There’s a standard playbook for quantitative factors when markets go haywire. But if February is any guide, the rules are out of date.

During selloffs, momentum stocks -- roughly defined as the biggest gainers over the past year -- tend to lead the way down as shaken investors cash out on their winners. Meanwhile, defensive factors like low-volatility or dividend payers should provide a pocket of safety from the carnage.

But that hasn’t happened. Factors have been strikingly consistent in 2018 despite bouts of turbulence, fears of inflationary spikes and Treasury yields grinding higher. Momentum stocks have continued to ride high. And value stocks have continued to get pummeled, even after some analysts predicted a sharp rotation into those shares.

While the unexpected performance may have caught some quants by surprise, it could signal something far more telling for the broader market. Factors behave like this when economic growth begins to slow.

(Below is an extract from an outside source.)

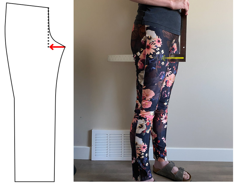 Again, I don’t find this measurement perfect, but it is helpful to get a general idea. I place my L-shaped ruler gently again my body while keeping the horizontal portion perfectly level. The crotch hook length is the distance to your crotch point (yellow arrow on body, red arrow on pattern). Many patterns have front crotch hook lengths of ~1.5 inches, but clearly, I knew I needed to add more length from this method!

Take value stocks, which are priced at discounts to things like earnings or assets. They tend to outperform when inflation rises, according to Sanford C Bernstein & Co. Yet, despite data hinting at an uptick in prices, value has extended its losing streak to six weeks, the longest in eight months. That’s disappointing because cheaper stocks lose steam in a tired bull market, the researchers reason.

“If we are right in saying that we are in a late cycle expansion, i.e. a period when growth is still positive, but decelerating, then other factors tend to dominate,” the global quantitative strategy team at Bernstein headed by Inigo Fraser Jenkins wrote in a note this week. “We remain positive on growth and momentum globally in a late-stage expansion.”

Momentum sold off in line with the market earlier this month, but has since led the rebound. A market-neutral version of U.S. momentum reversed its one-week losses in just three days and is trading at a two-year high, according to a Bloomberg index.

In fact, momentum is more calm now than it was in early December, when U.S. stocks were consistently posting new records. One-month realized volatility hit a 17-month high for the pure momentum strategy on Dec. 13, but this month it has hovered near the five-year average.

Some of the largest investors have remained steadfast. Hedge funds and institutions maintained their heavy reliance on growth and momentum stocks, while continuing to reduce value, according to the most recent 13F filings compiled by Evercore ISI.

Though the length of the rally in equity markets has encouraged hedge funds to crowd into momentum, its rein won’t last, said Dennis Debusschere, head of portfolio strategy at Evercore.